(Entries taken from a collection)
= = = =

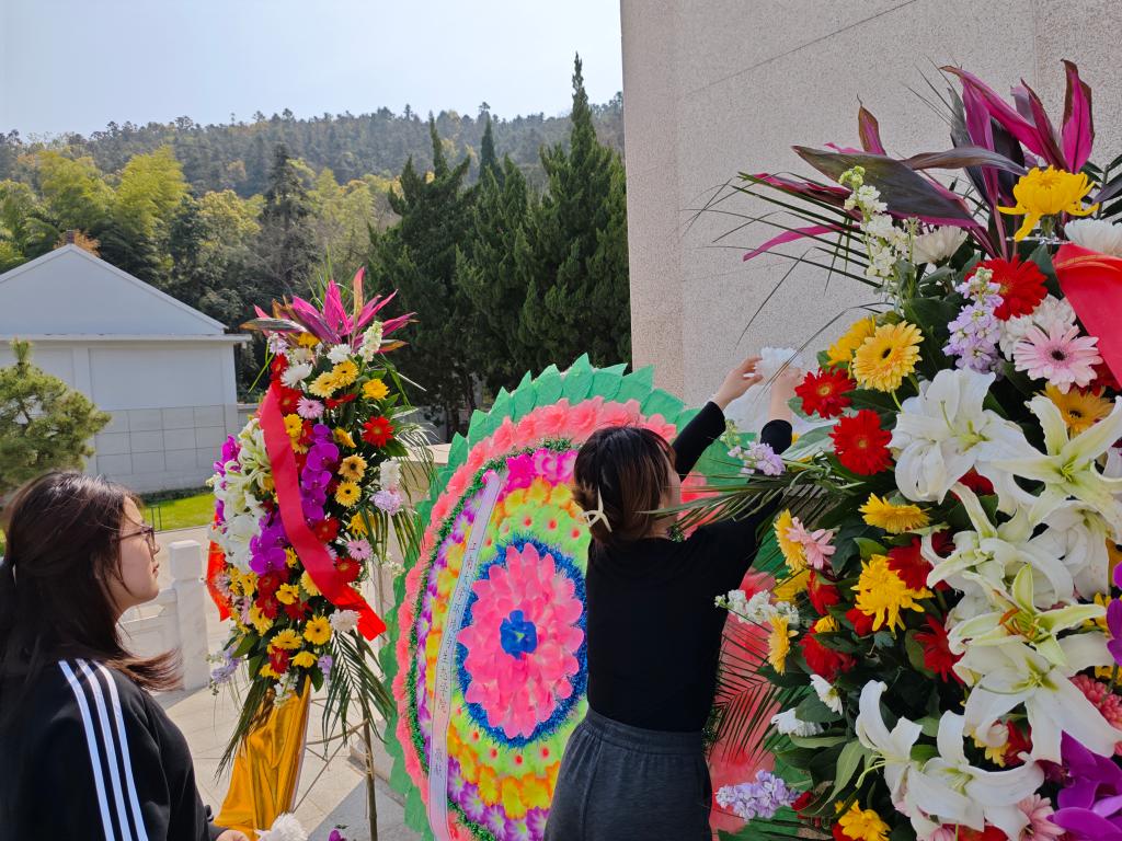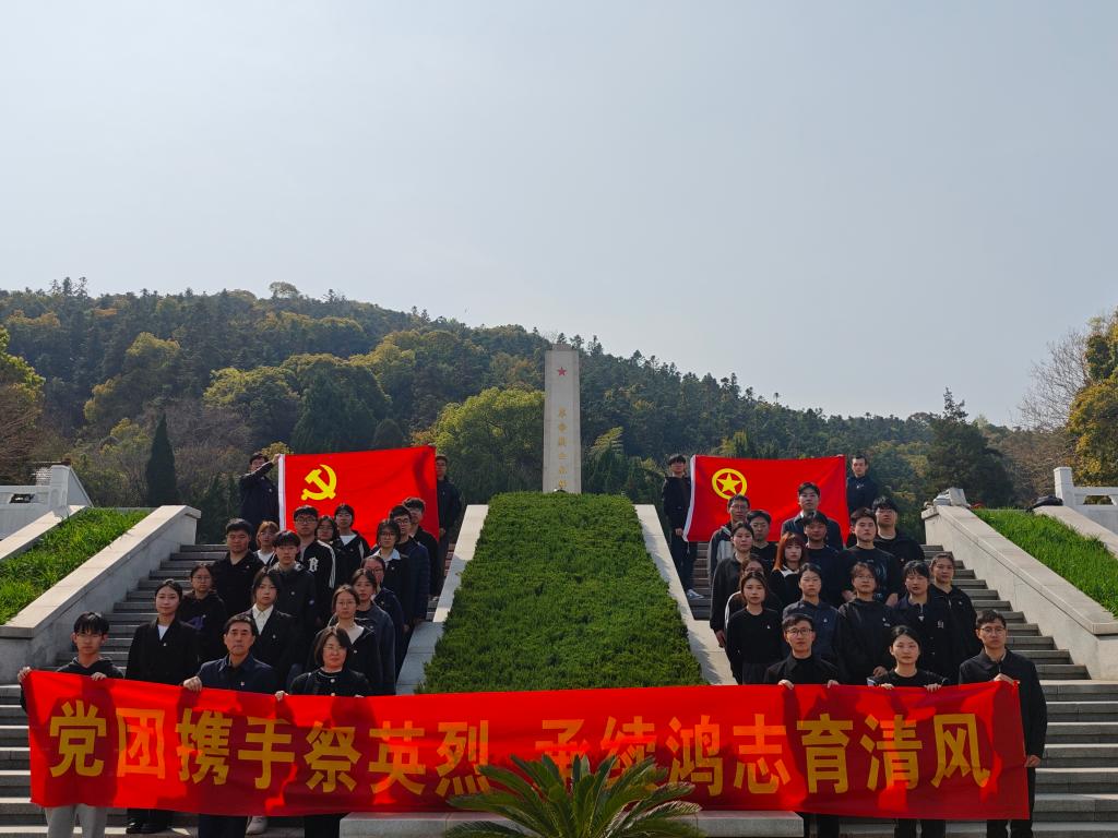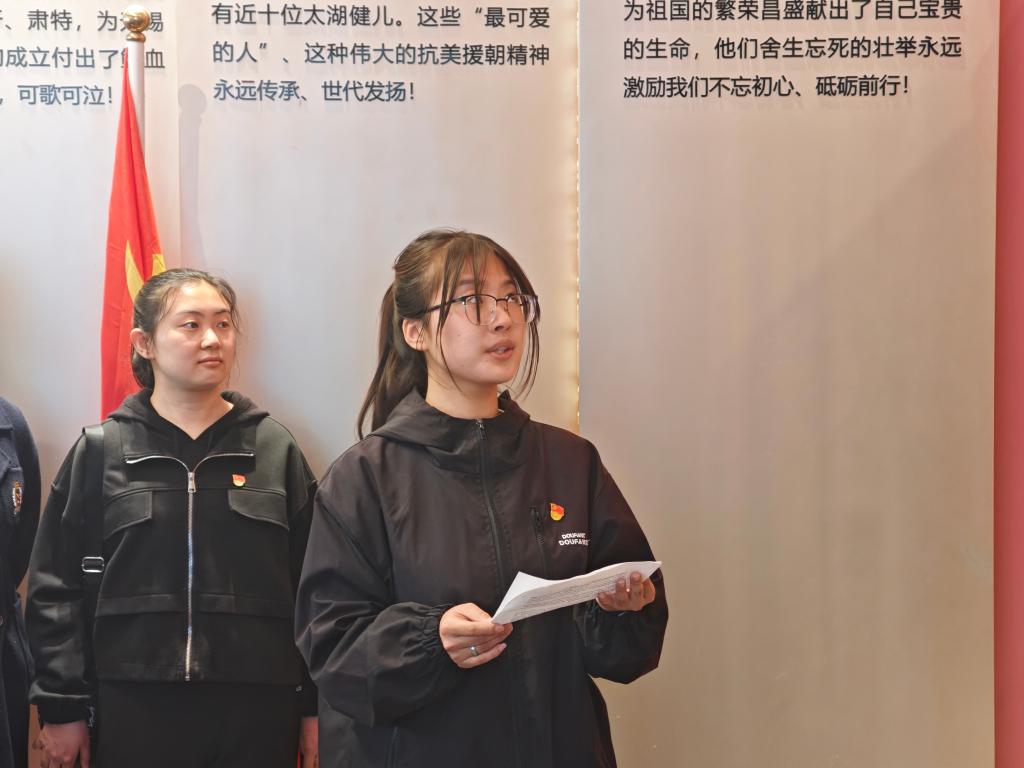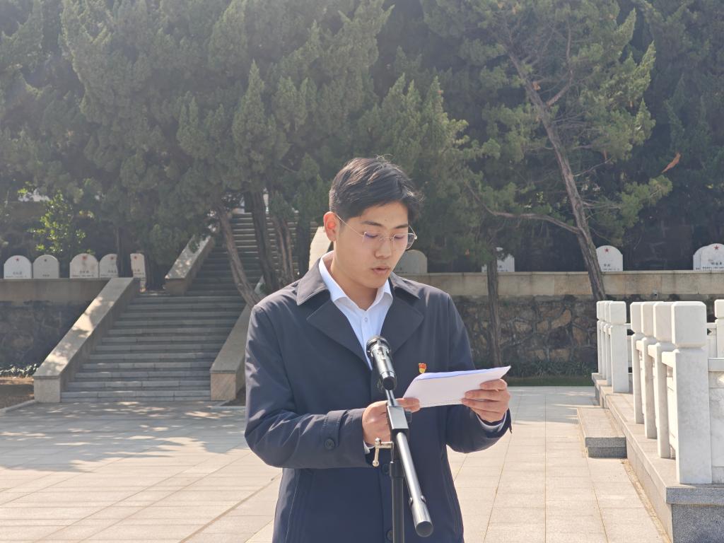 衡延笃作为教师代表发言,他讲述了父亲一辈抗战的经历,介绍了发生在无锡的重要事件;他强调,伟大的抗战精神已经传递到青年一代手中,作为新时代的大学生,要在追求知识的道路上,以英烈为榜样,树立远大理想,将个人的成长与国家的命运紧密相连。学生党员代表陈云帆用“铭记、传承、担当”三个关键词分享了自己的感悟。入党积极分子章涵表示要以本次祭扫活动为契机,铭记英烈志,以科学之光照亮未来,在建设美丽中国的征途上,让红色基因与绿色使命交相辉映!。
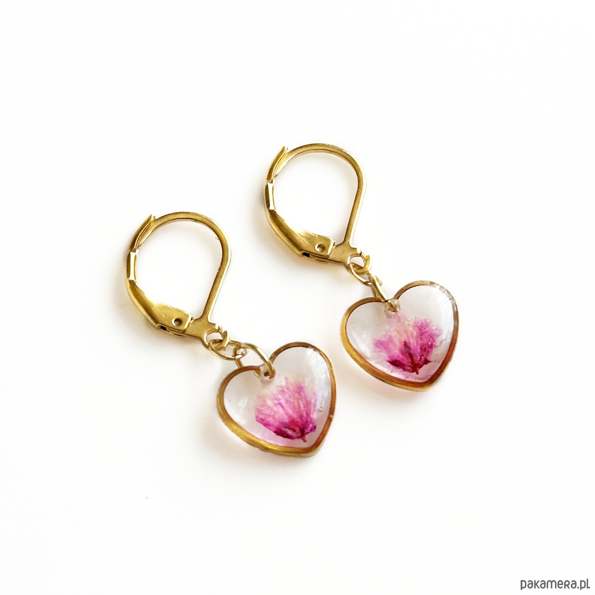 Kolczyki wiszące wykonane ze stali szlachetnej oraz żywicy epoksydowej.
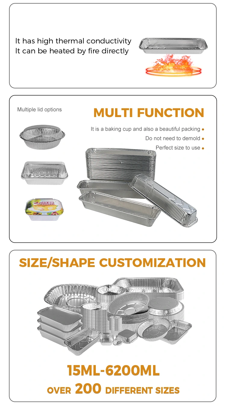 యుంచు అల్యూమినియం ఫాయిల్ సరఫరాదారు దీర్ఘచతురస్రాకార బ్రెడ్ ట్రే బేకింగ్ సిల్వర్ అల్యూమినియం రేకు కంటైనర్లు, వివిధ రకాల తాపన పద్ధతులు, మీరు ఎప్పుడైనా బేకింగ్ యొక్క ఆనందాన్ని ఆస్వాదించవచ్చు, మరింత ప్రభావవంతమైన ఇన్సులేషన్ మరియు తాజాదనం, అప్‌గ్రేడ్ మరియు మందమైన డిజైన్, పర్యావరణ పరిరక్షణ మరియు ఎడ్జ్ అడ్డంకులు దిగువ భాగంలో కాలిపోవడం అంత సులభం కాదు, ఆహారం బాగా తగ్గించబడుతుంది, ఈ ఉత్పత్తి బార్బెక్యూ మరియు బేకింగ్ రంగంలో విస్తృతంగా ఉపయోగించబడుతుంది, ముఖ్యంగా క్యాంపింగ్, బేకరీ, బార్బెక్యూ స్టాల్స్, టేకావే డెలివరీ మరియు సుషీ రెస్టారెంట్లు మరియు ఇతర సందర్భాలకు అనువైనది. ఇది చాలా గృహాలు మరియు దుకాణాల ఆచరణాత్మక అవసరాలను తీర్చడానికి రూపొందించబడింది.
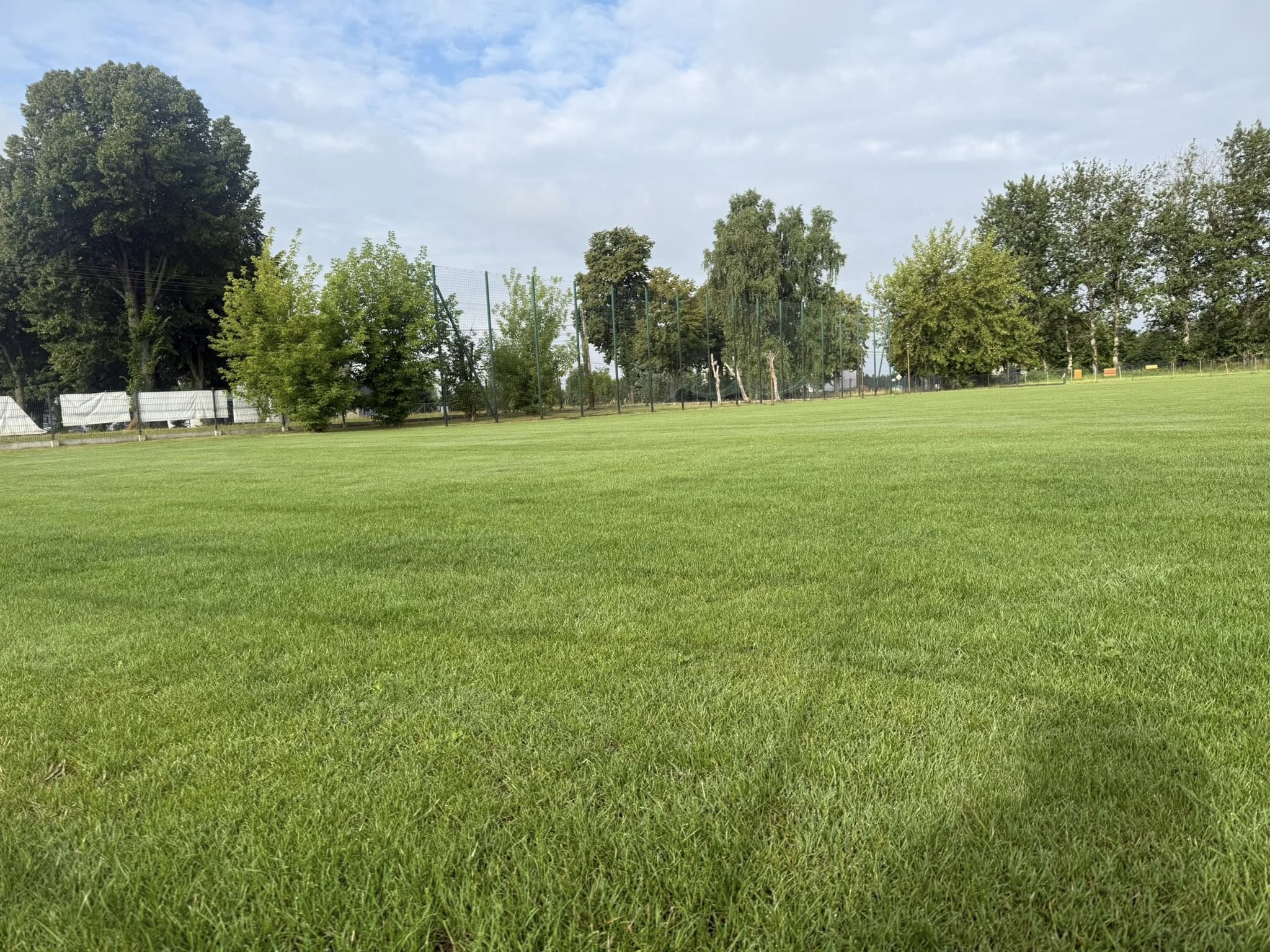 Murawa jak nowa – efekty piaskowania boiska w Chełmie Śląskim już widoczne.
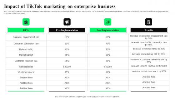 This slide represents the comparison between current and past scenario of business operations to analyze the impact of TikTok marketing on business operations. It includes analysis of KPIs such as customer engagement rate, customer conversion rate etc. Crafting an eye catching presentation has never been more straightforward. Let your presentation shine with this tasteful yet straightforward Impact Of TikTok Marketing On Enterprise TikTok Advertising Strategies To Provide Effective Ideas Pdf template. It offers a minimalistic and classy look that is great for making a statement. The colors have been employed intelligently to add a bit of playfulness while still remaining professional. Construct the ideal Impact Of TikTok Marketing On Enterprise TikTok Advertising Strategies To Provide Effective Ideas Pdf that effortlessly grabs the attention of your audience Begin now and be certain to wow your customers This slide represents the comparison between current and past scenario of business operations to analyze the impact of TikTok marketing on business operations. It includes analysis of KPIs such as customer engagement rate, customer conversion rate etc.

= = = =

=== Exercise instructions ===
Without the pictures, restate all of the entries word for word.

=== Result of this task ===
 衡延笃作为教师代表发言,他讲述了父亲一辈抗战的经历,介绍了发生在无锡的重要事件;他强调,伟大的抗战精神已经传递到青年一代手中,作为新时代的大学生,要在追求知识的道路上,以英烈为榜样,树立远大理想,将个人的成长与国家的命运紧密相连。学生党员代表陈云帆用“铭记、传承、担当”三个关键词分享了自己的感悟。入党积极分子章涵表示要以本次祭扫活动为契机,铭记英烈志,以科学之光照亮未来,在建设美丽中国的征途上,让红色基因与绿色使命交相辉映!。
 Kolczyki wiszące wykonane ze stali szlachetnej oraz żywicy epoksydowej.
 యుంచు అల్యూమినియం ఫాయిల్ సరఫరాదారు దీర్ఘచతురస్రాకార బ్రెడ్ ట్రే బేకింగ్ సిల్వర్ అల్యూమినియం రేకు కంటైనర్లు, వివిధ రకాల తాపన పద్ధతులు, మీరు ఎప్పుడైనా బేకింగ్ యొక్క ఆనందాన్ని ఆస్వాదించవచ్చు, మరింత ప్రభావవంతమైన ఇన్సులేషన్ మరియు తాజాదనం, అప్‌గ్రేడ్ మరియు మందమైన డిజైన్, పర్యావరణ పరిరక్షణ మరియు ఎడ్జ్ అడ్డంకులు దిగువ భాగంలో కాలిపోవడం అంత సులభం కాదు, ఆహారం బాగా తగ్గించబడుతుంది, ఈ ఉత్పత్తి బార్బెక్యూ మరియు బేకింగ్ రంగంలో విస్తృతంగా ఉపయోగించబడుతుంది, ముఖ్యంగా క్యాంపింగ్, బేకరీ, బార్బెక్యూ స్టాల్స్, టేకావే డెలివరీ మరియు సుషీ రెస్టారెంట్లు మరియు ఇతర సందర్భాలకు అనువైనది. ఇది చాలా గృహాలు మరియు దుకాణాల ఆచరణాత్మక అవసరాలను తీర్చడానికి రూపొందించబడింది.
 Murawa jak nowa – efekty piaskowania boiska w Chełmie Śląskim już widoczne.
 This slide represents the comparison between current and past scenario of business operations to analyze the impact of TikTok marketing on business operations. It includes analysis of KPIs such as customer engagement rate, customer conversion rate etc. Crafting an eye catching presentation has never been more straightforward. Let your presentation shine with this tasteful yet straightforward Impact Of TikTok Marketing On Enterprise TikTok Advertising Strategies To Provide Effective Ideas Pdf template. It offers a minimalistic and classy look that is great for making a statement. The colors have been employed intelligently to add a bit of playfulness while still remaining professional. Construct the ideal Impact Of TikTok Marketing On Enterprise TikTok Advertising Strategies To Provide Effective Ideas Pdf that effortlessly grabs the attention of your audience Begin now and be certain to wow your customers This slide represents the comparison between current and past scenario of business operations to analyze the impact of TikTok marketing on business operations. It includes analysis of KPIs such as customer engagement rate, customer conversion rate etc.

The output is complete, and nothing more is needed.